Keras实现学习率,优化器,损失函数调优

1.样本不均衡

1.1 定义focalloss

在这里插入图片描述

import keras
from keras import backend as K
import tensorflow as tf

# Define our custom loss function
def focal_loss(y_true, y_pred):
   gamma = 2.0, alpha = 0.25
   pt_1 = tf.where(tf.equal(y_true, 1), y_pred, tf.ones_like(y_pred))
   pt_0 = tf.where(tf.equal(y_true, 0), y_pred, tf.zeros_like(y_pred))
   return -K.sum(alpha * K.pow(1. - pt_1, gamma) * K.log(pt_1))-K.sum((1-alpha) * K.pow( pt_0, gamma) * K.log(1. - pt_0))

# Compile our model
adam = Adam(lr=5e-5)
model.compile(
	loss=[focal_loss], 
	metrics=["accuracy"], 
	optimizer=adam
	)

1.2 权值均衡

权值均衡是在训练样本的时候,在计算loss的时候,通过权值来均衡数据的分布。正常情况下,每个类别在损失函数中的权值是1.0。但是有时候,当某些类别特别重要的时候,我们需要给该类别的训练样本更大权值。参考我们的买房的例子,由于“买”的类别的准确率非常的重要,训练样本中的这个类别应该对损失函数有更大的影响。

可以直接给对应的类别的样本的loss乘上一个因子来设定权值。在Keras中,我们可以这样:

import keras
class_weight = {"buy": 0.75,
               "don't buy": 0.25}
model.fit(X_train, Y_train, epochs=10, batch_size=32, class_weight=class_weight)

2.定义动态学习率



import keras.backend as K
from keras.callbacks import LearningRateScheduler

# 动态调整学习率lr
def scheduler(epoch):
	lr = K.get_value(model.optimizer.lr)
    # // 取整除 - 向下取接近商的整数
    # ** 幂 - 返回x的y次幂
    K.set_value(model.optimizer.lr, lr * (0.1 ** (epoch // lr_epochs)))
    return K.get_value(model.optimizer.lr)

lr_new = LearningRateScheduler(scheduler)
model.fit(x_train, y_train, batch_size=batch_size, epochs=epochs, callbacks=[lr_new], validation_data=(x_test, y_test))

而 scheduler 函数并没有具体的描述,但可在其内部,通过 K.get_value(model.optimizer.lr) 获取当前学习率,用 K.set_value(model.optimizer.lr, lr * (0.1 ** (epoch // lr_epochs))) 修改学习率,而后将其加入LearningRateScheduler在模型训练的函数中需要添加回调 callbacks=[lr_new],以实现学习率的动态调整。至此,在模型的训练过程中,将会以每一epoch的周期自动修改学习率,
代码实现如下,其中的具体参数上图已作详细说明,就不再赘述,但同样是使用了回调函数,所以在模型训练的函数中要添加 callbacks=[checkpoint](若涉及准确率,需要在模型设置时,添加 metrics=[‘accuracy’] 参数)
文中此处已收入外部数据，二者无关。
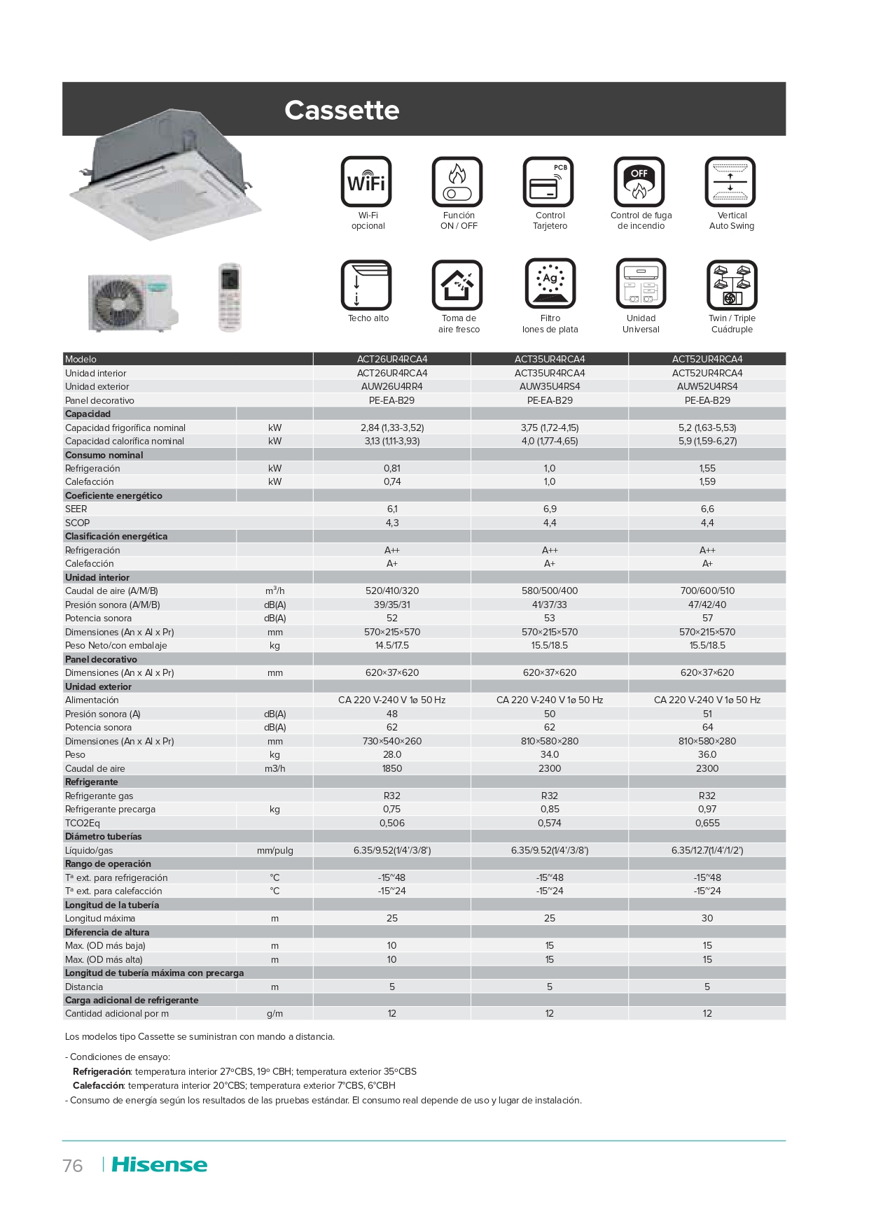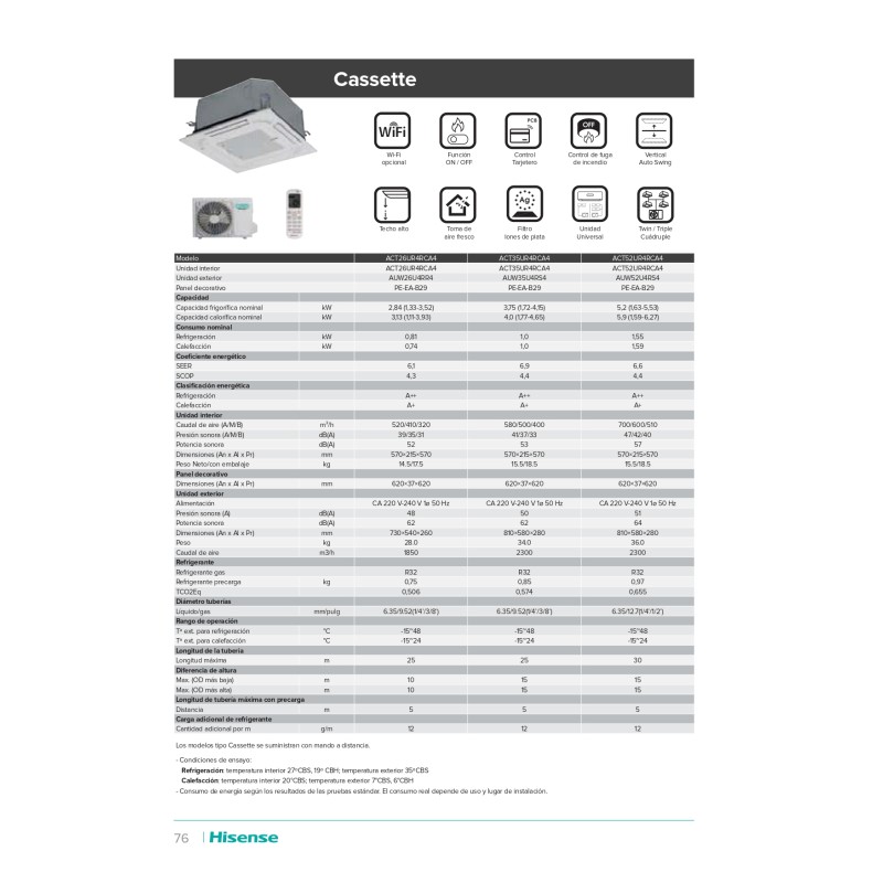 El aire acondicionado cassette Hisense ACT35UR4RCA4 - AUW35U4RS4 es una opción ideal para enfriar o calentar espacios de hasta 350m². Ofrece un rango de refrigeración desde 1480 hasta 3569 Frig/h o desde 1720 hasta 4150W y un rango de calor desde 1523 hasta 3630 Kcal/h o desde 1770 hasta 4650 W. Cuenta con un SEER de 6.9 y un SCOP de 4.4, además de una potencia sonora de 53 dB(A) para el interior y 62 dB(A) para el exterior.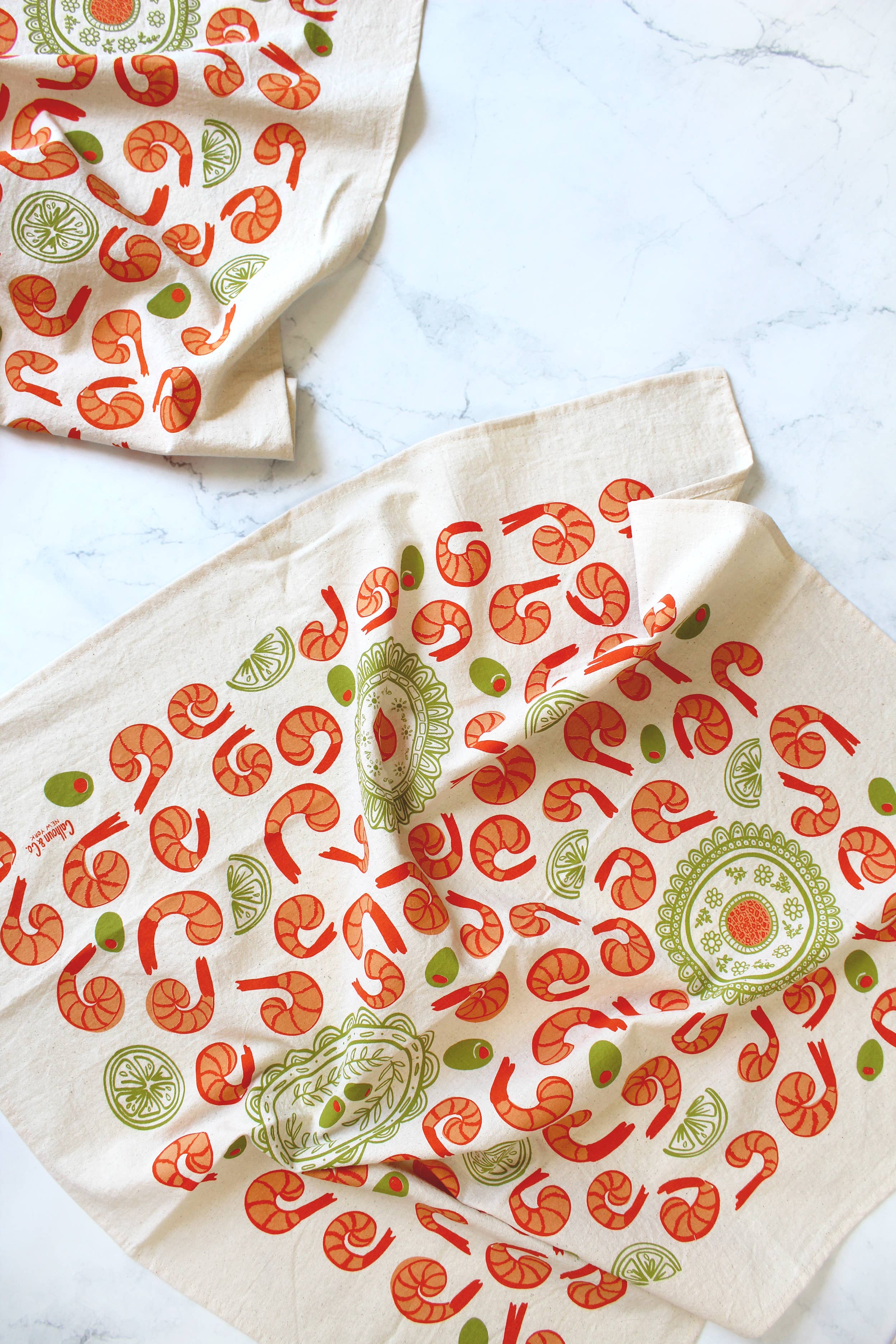 $20.00$20.00/Shrimp Cocktail - now it's a party. Shrimps, Olives, Lemons and doilies. 100% cotton tea towel. Oversized Tea Towel is Aprox 28” X 28” screen printed...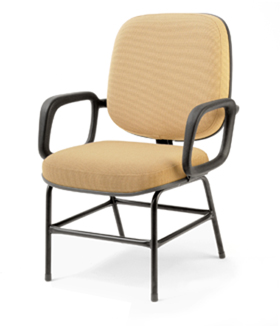 Cadeira para Obeso Lisa, fixa.  Tudo nela é reforçado. Estrutura em aço, estofado, espuma e braços. Suporta até 140 Kg. O acabamento da espuma do estofado pode ser liso ou pode ter gomos de costura.
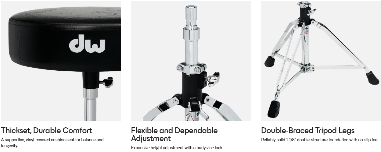 El trono DW Serie 3000 es ideal para cualquier baterista que busca un asiento sólido. Su base de trípode de acero resistente y sus patas de doble refuerzo están diseñadas para durar años. El trono Round Top cuenta con un asiento de espuma gruesa, duradero y recubierto de vinilo, que ofrece soporte y comodidad al sentarse frente a la batería. El trono Serie 3000 es una opción confiable de quienes reinventaron los herrajes para baterías. DW: La elección del baterista. Altura mínima: 53 cm [21"] Altura máxima: 72 cm [28.5"] *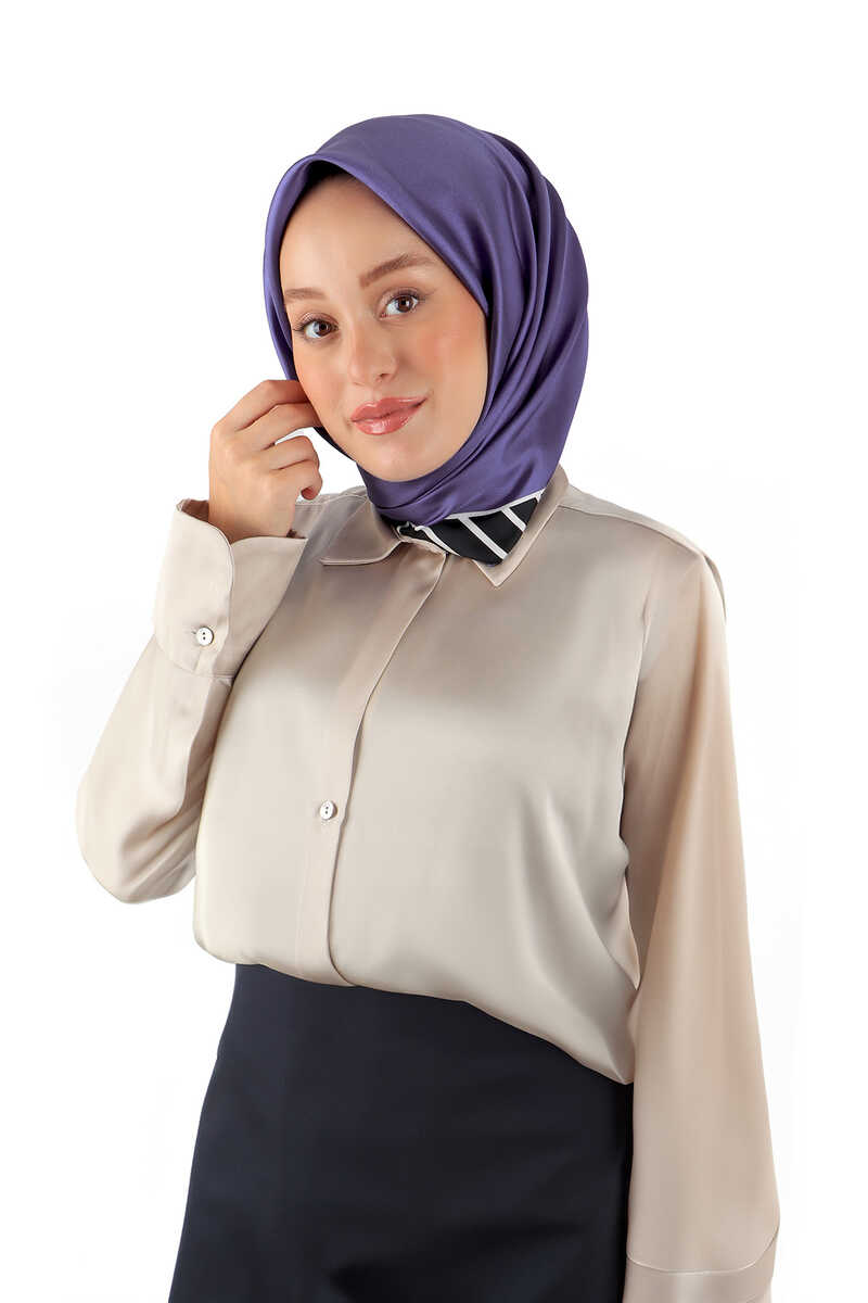 The Purple colored silk Square Scarf with a Juicy Line pattern on the edge, with an upright and firm stance that crowns your plain and simple look, appeals to every season with its wide color range in its design that symbolizes the emphasis of simplicity, away from all details. Our product; It offers ease of use with its 100% Twill Silk content and dimensions of 90 x 90cm.

model.compile(optimizer=adam, loss='categorical_crossentropy', metrics=['accuracy'])
# 保存最佳模型
filepath = 'weights.{epoch:02d}-{val_loss:.2f}.hdf5'
checkpoint = ModelCheckpoint(filepath, monitor='val_accuracy', verbose=1, save_best_only=True, mode='max')
history = model.fit(x_train, y_train, batch_size=batch_size, epochs=epochs, callbacks=[checkpoint], validation_data=(x_test, y_test))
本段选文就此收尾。